This semester, I’m taking a graduate course called Introduction to Big Data. It provides a broad introduction to the exploration and management of large datasets being generated and used in the modern world. In an effort to open-source this knowledge to the wider data science community, I will recap the materials I will learn from the class in Medium. Having a solid understanding of the basic concepts, policies, and mechanisms for big data exploration and data mining is crucial if you want to build end-to-end data science projects.
Here’s the roadmap for this introductory post:
Overview of database engines
1 - Overview of Database Engines
So why should we use a database? Well, the first reason is that a database gives a lot of useful abstractions. Secondly, it also has these properties known as ACID (Atomicity, Consistency, Isolation, Durability).
Atomicity: Operations executed by the database will be atomic / “all or nothing.” For example, if there are 2 operations, the database ensures that either both of them happen or none of them happens.
Consistency: Anyone accessing the database should see consistent results.
Isolation: If there are multiple clients trying to access the database, there will be multiple transactions happening simultaneously. The database needs to be able to isolate these transactions.
Durability: When writing a result into the database, we should be guaranteed that it won’t go away.
In a database engine, there are 2 main components: the storage manager and the query processor.
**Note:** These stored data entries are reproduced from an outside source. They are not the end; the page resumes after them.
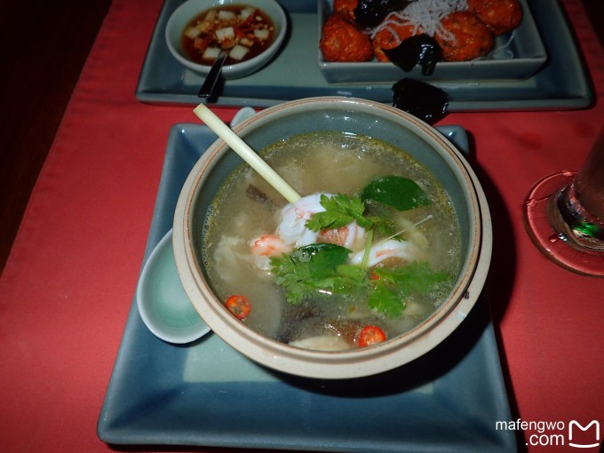 4.泰国餐厅 泰国餐厅里有莲花,装修什么的风格也是不错的。不过视野所及当然是不如在海边的意大利餐厅了。晚上灯光极其幽暗,真是“幽会”好场所。
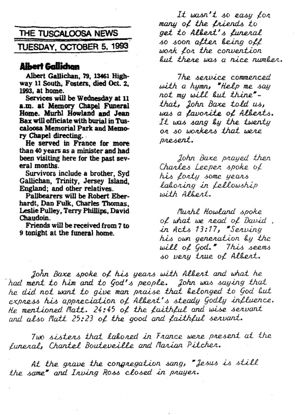 Obituary of Albert Gallichan, Overseer of France
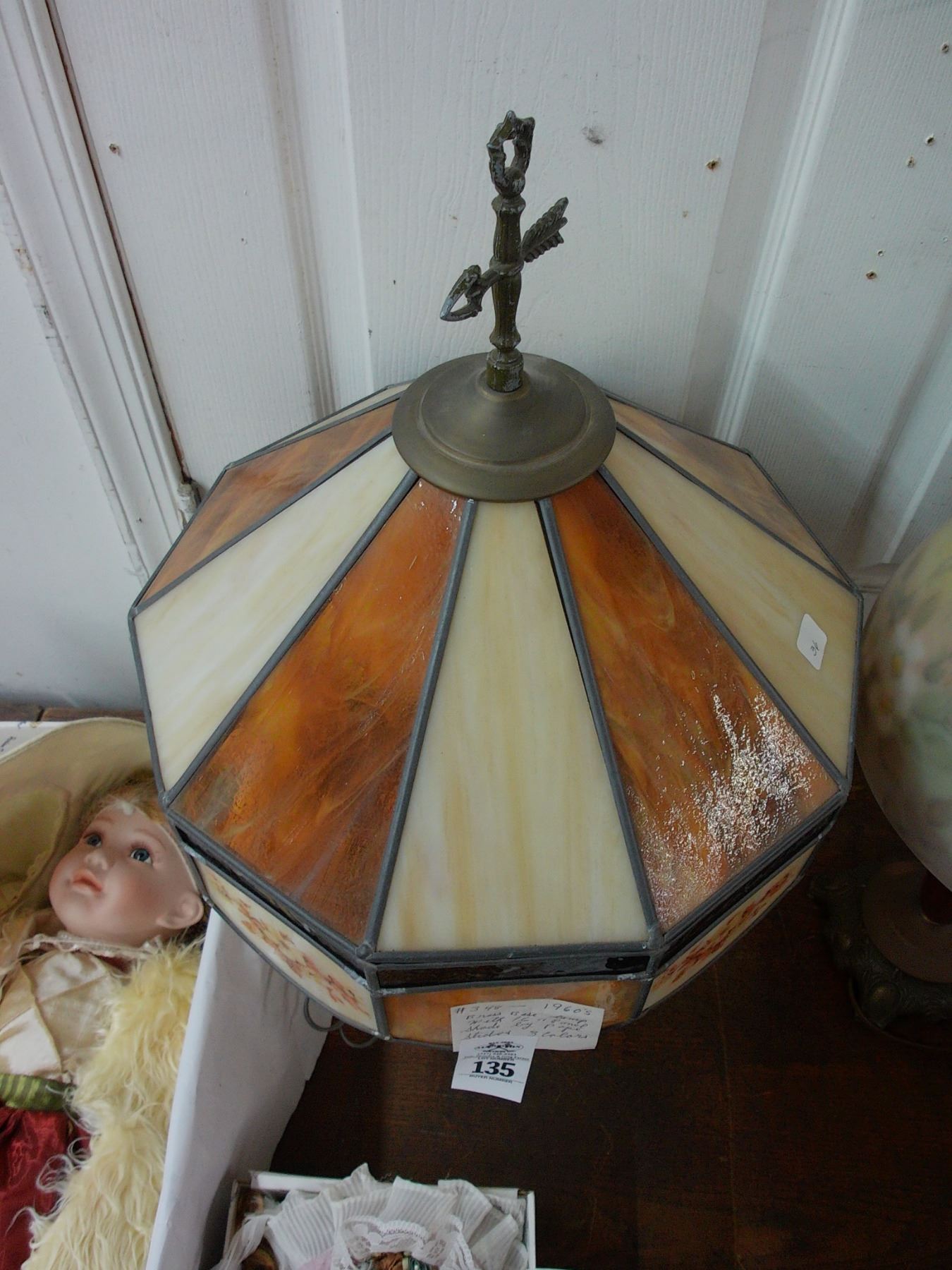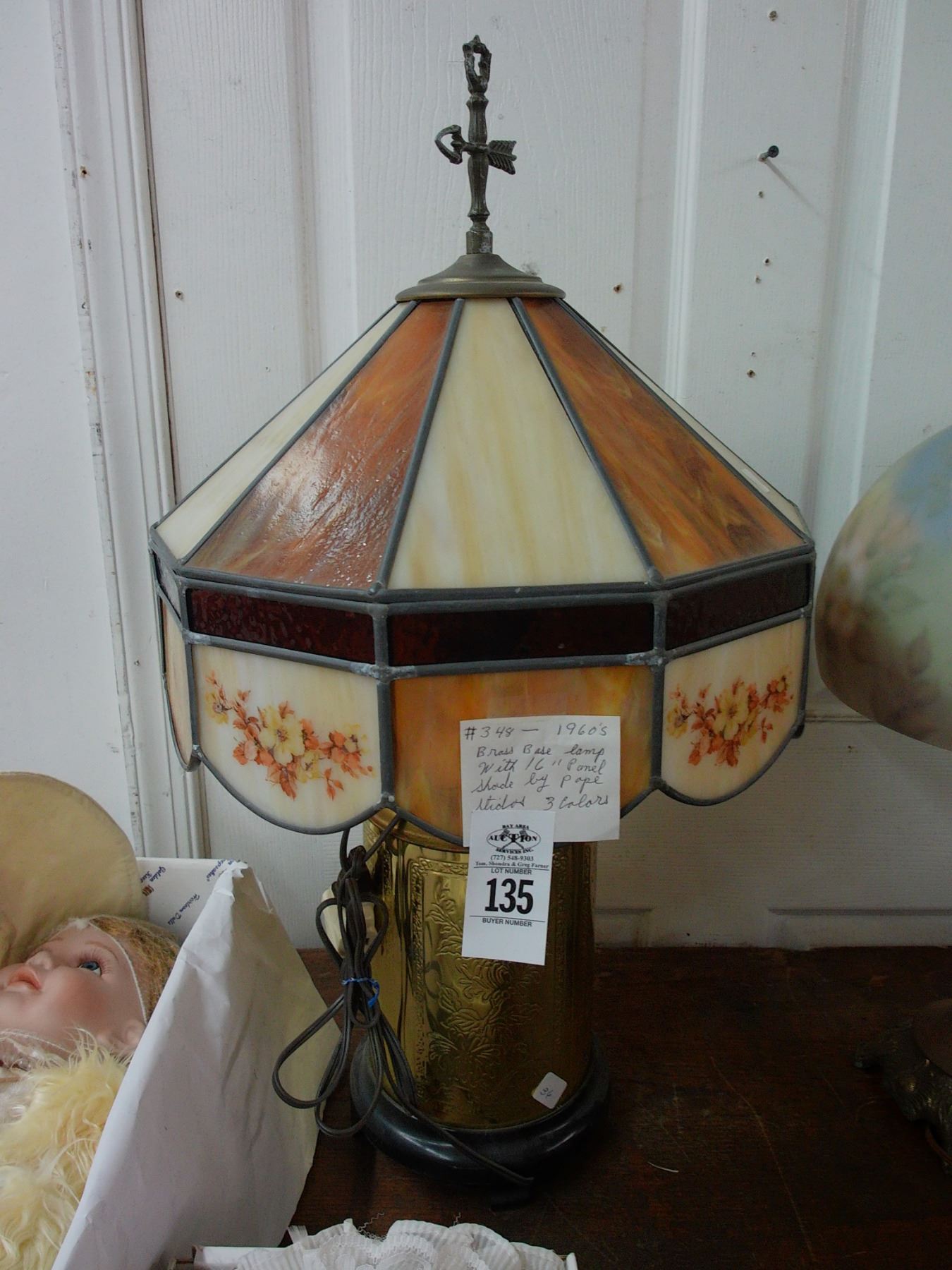 Brass Base Floral Motif Oriental Lamp w/Glass Floral Shade Arrow Crown
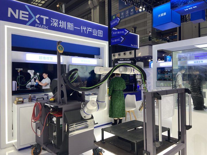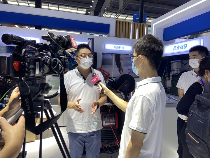 工(gong)作(zuò)人(ren)員(yuan)爲(wei)观众介绍智能(néng)移動(dòng)焊接平檯(tai)的(de)操作(zuò)
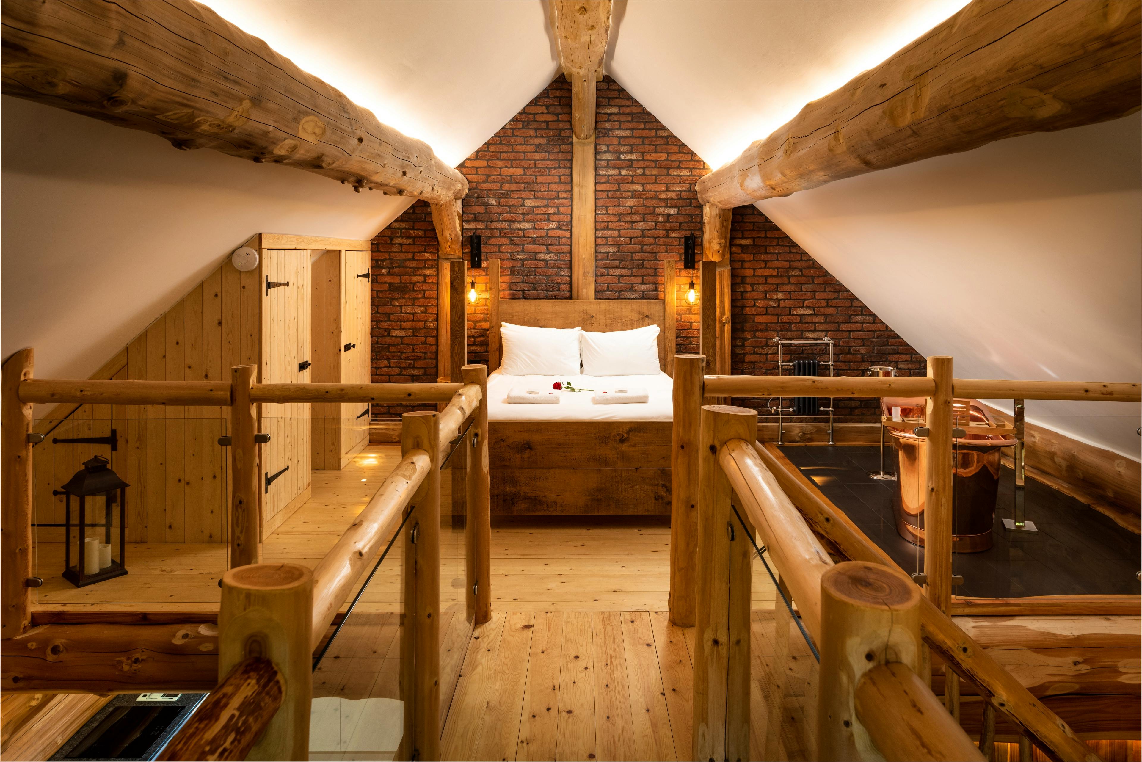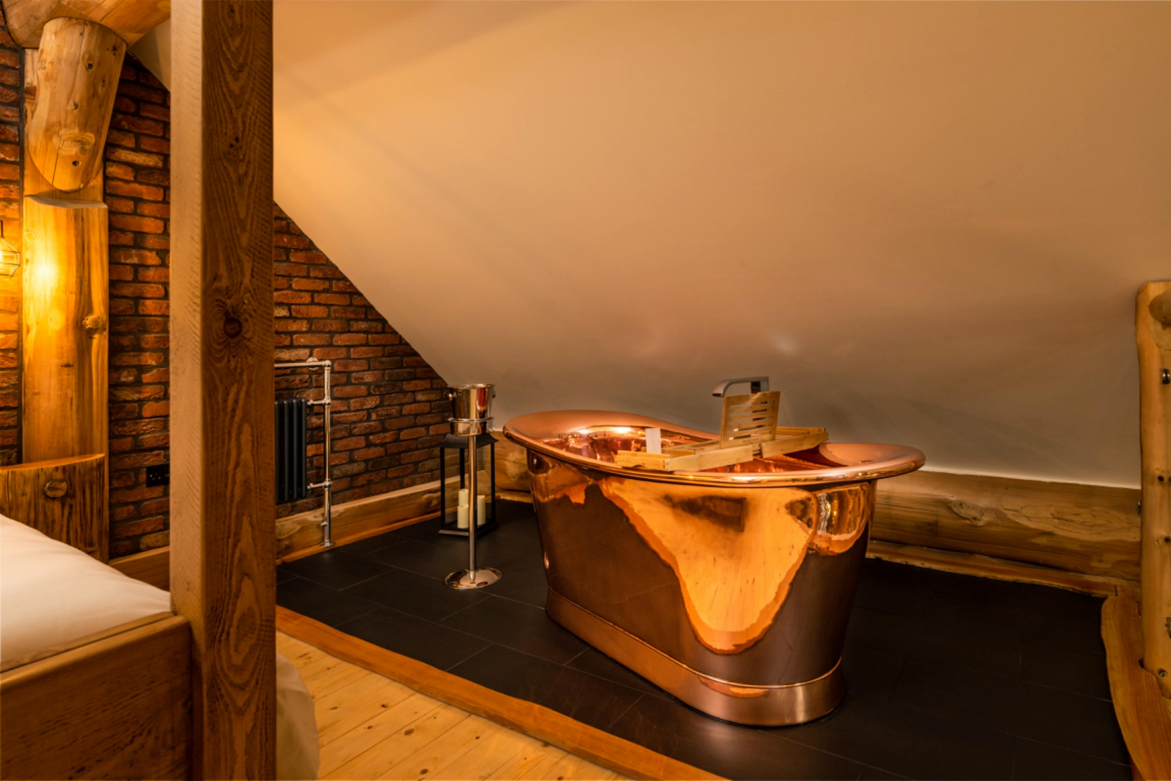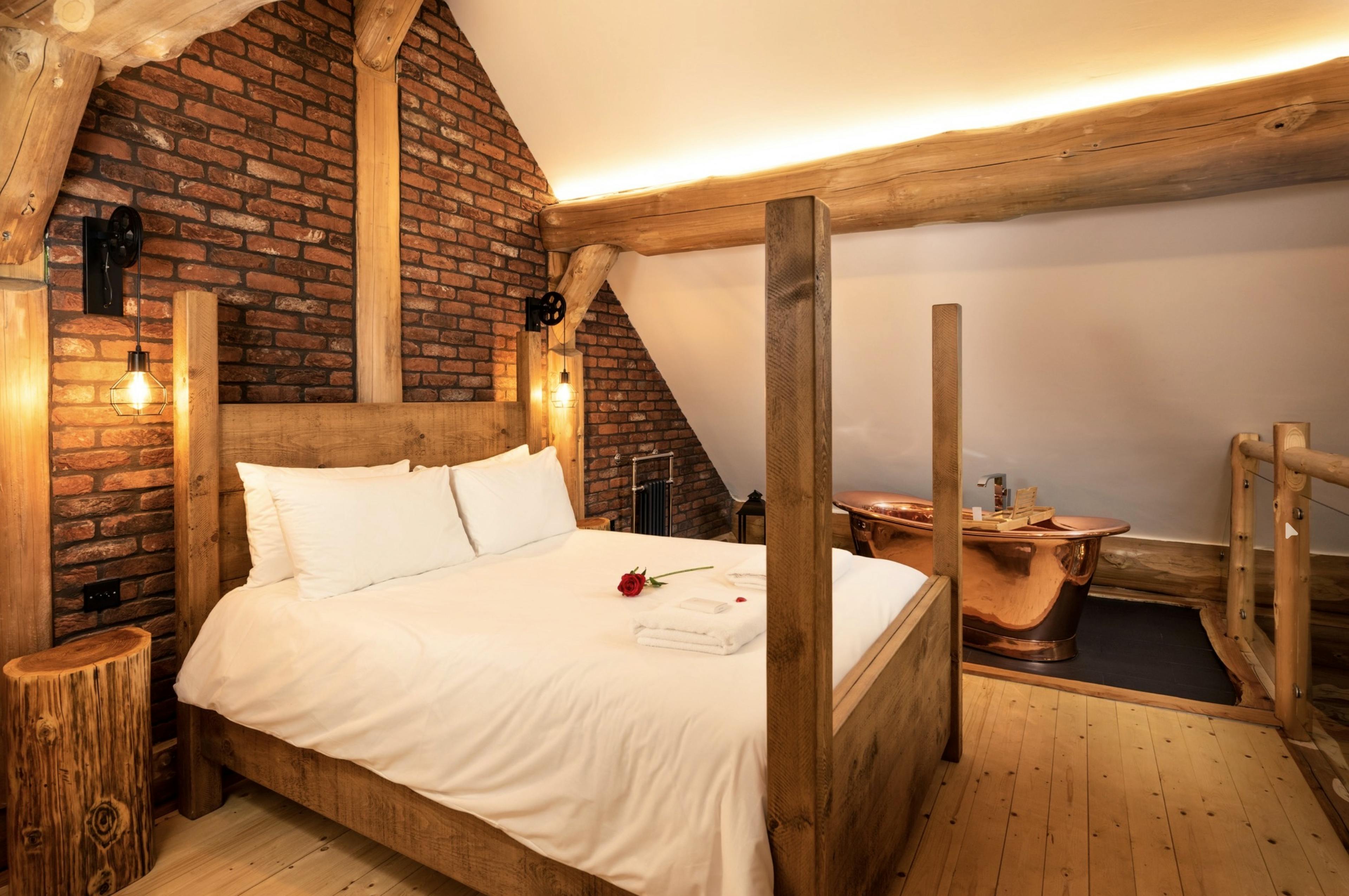 Romantic mezzanine bedrooms with king size four-poster beds and freestanding statement baths.

The storage manager is the interface between the database and the operating system. It is responsible for authorization, interaction with the OS file system (accessing storage and organizing files), and efficient data storage/modification (indexing, hashing, buffer management).
One very important piece of the storage manager is the transaction manager. It ensures the database is consistent (if a failure occurs) and atomic. It also does concurrency control to make sure multiple operations result in a consistent database.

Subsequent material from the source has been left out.